Há alguns dias recebi uma mensagem de outro amigo, lembrando outro grande cineclubista paulista. Carlos Braggio morreu em 28 de fevereiro de 2015. Imaginem, saiu uma nota em algum espaço virtual falando que ele será
muito lembrado. Como sanduíche. Carlos Braggio agora é um sanduíche com recheio
de carne seca, criado pelo meu velho amigo e que agora se institucionaliza no
City Bar, “boteco em frente ao teatro do Centro de Convivência Cultural”, em
Campinas. Acho que a homenagem vale. Já tinha um precedente, na cultura
paulista e mesmo brasileira, com o Baurú, que também homenageia um
frequentador, desta vez do Ponto Chic de São Paulo.
Conheci o Carlos Braggio na mesma época em que conheci
o Carlos Vieira. Aquele Carlos era originário de uma cidadezinha paulista, Lucélia,
e como me contou depois, cresceu num ambiente provinciano e bem conservador.
Foi no primeiro cineclube que frequentou que descobriu um outro mundo, que o
transformou. Cá entre nós, esse depoimento - que não tem nada de exceção, eu o
ouvi em várias outras ocasiões e situações - já serve para justificar nossas
vidas de militantes dessa atividade que pode e realmente muitas vezes muda a
vida da pessoas. Quando o conheci, em 1972 acho, ele era o representante do
cineclube do CCLA, o Centro de Ciências, Letras e Artes de Campinas, um
cineclube dos anos 60, com muita tradição – havia sido o principal insuflador
das atividades com o público infantil na Cinemateca Brasileira, por exemplo.

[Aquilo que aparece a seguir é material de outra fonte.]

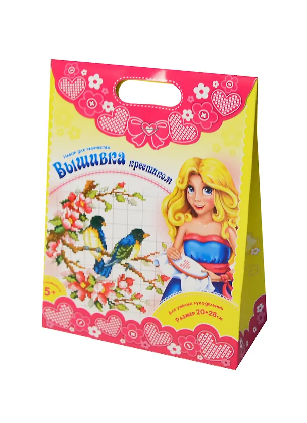 Набор для вышивания — это всё необходимое для вышивки какого-то определенного рисунка: канва, нитки всех необходимых цветов, специальная игла для вышивания, цветная схема и подробная инструкция. Такие наборы для вышивки отлично подходят как для умелых вышивальщиц, так и для начинающих рукодельниц. Наличие схемы и инструкции не только помогает избежать ошибок при вышивании, но и избавляет от необходимости самим рисовать дизайн будущего изделия и разбивать изображение на цветные квадратики. Кроме того, благодаря схеме для вышивки крестом, можно сразу представить себе, как должна выглядеть готовая работа. Вам также не придется тратить время на подбор ниток нужных вам цветов и рассчитывать их ко

Sob a direção do Braggio, o velho cineclube se tornara moderno e engajado: o Braggio
retornava a um outro cineclube a transformação que ele próprio experimentara.

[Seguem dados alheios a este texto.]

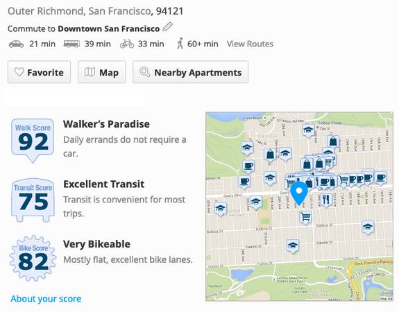 The apartment is located in a terrific residential Richmond neighborhood (Anza x 26th Avenue) with close proximity to Golden Gate Park, grocery stores, banks, coffee houses, and restaurants. It is easy to access downtown San Francisco, the financial district, USF, SFSU, and City College. Excellent public transportation is nearby including Muni lines #38R, 38, 31, 29, NX N Express, 5, 1 within walking distance.

Carlos Braggio foi absolutamente essencial no difícil
processo de organização da Federação Paulista de Cineclubes, do Conselho
Nacional de Cineclubes e da Dinafilme, a distribuidora de filmes (em película,
vale lembrar) que, neste caso, o movimento cineclubista conseguiu criar e fazer
funcionar por mais de uma década. Mais velho alguns anos do que as outras
lideranças em São Paulo, a experiência e os conhecimentos do Braggio foram
indispensáveis para a organização da sede comum das três entidades que citei,
na velha Boca do Lixo, em São Paulo, no auge da ditadura. Ele organizou, em
1975, a 9ª. Jornada Nacional de Cineclubes, no vetusto CCLA (a foto mostra o
local das plenárias daquele congresso).
Paralelamente, o Braggio ajudou a criar o Museu da
Imagem e do Som de Campinas, em 1974 e, em 1977, coordenava ações culturais de
tipo comunitário na secretaria de Cultura da cidade. Mesmo depois do refluxo do
movimento cinelubista, continuou sempre estimulando atividades e instituições
culturais, festivais – de Super 8, por exemplo – assim como ações de interiorização
da cultura no plano estadual. Depois de ser Diretor de Cultura de Campinas, no
final dos anos 90, deixou sua marca no importante Centro de Convivência e na
reabertura do Teatro Castro Mendes. Mas é difícil encontrar qualquer menção ao
Braggio cineclubista na internet, por exemplo. Mesmo a “história” do CCLA e do
seu cineclube só fala do começo dos anos 60. Por que será?
Perdi o contato com o Braggio por muitos anos, pouco antes da sua morte retomamos um contato superficial pela internet. Além de
cineclubista muito importante – desses
que faz parte do panteão cineclubista de que falo no meu artigo sobre o Gouveia
– foi também um amigo muito querido e respeitado. E só tomei conhecimento da
morte dele por causa de um sanduíche! Acho que a memória, base da identidade
institucional cineclubista está precisando de novos símbolos.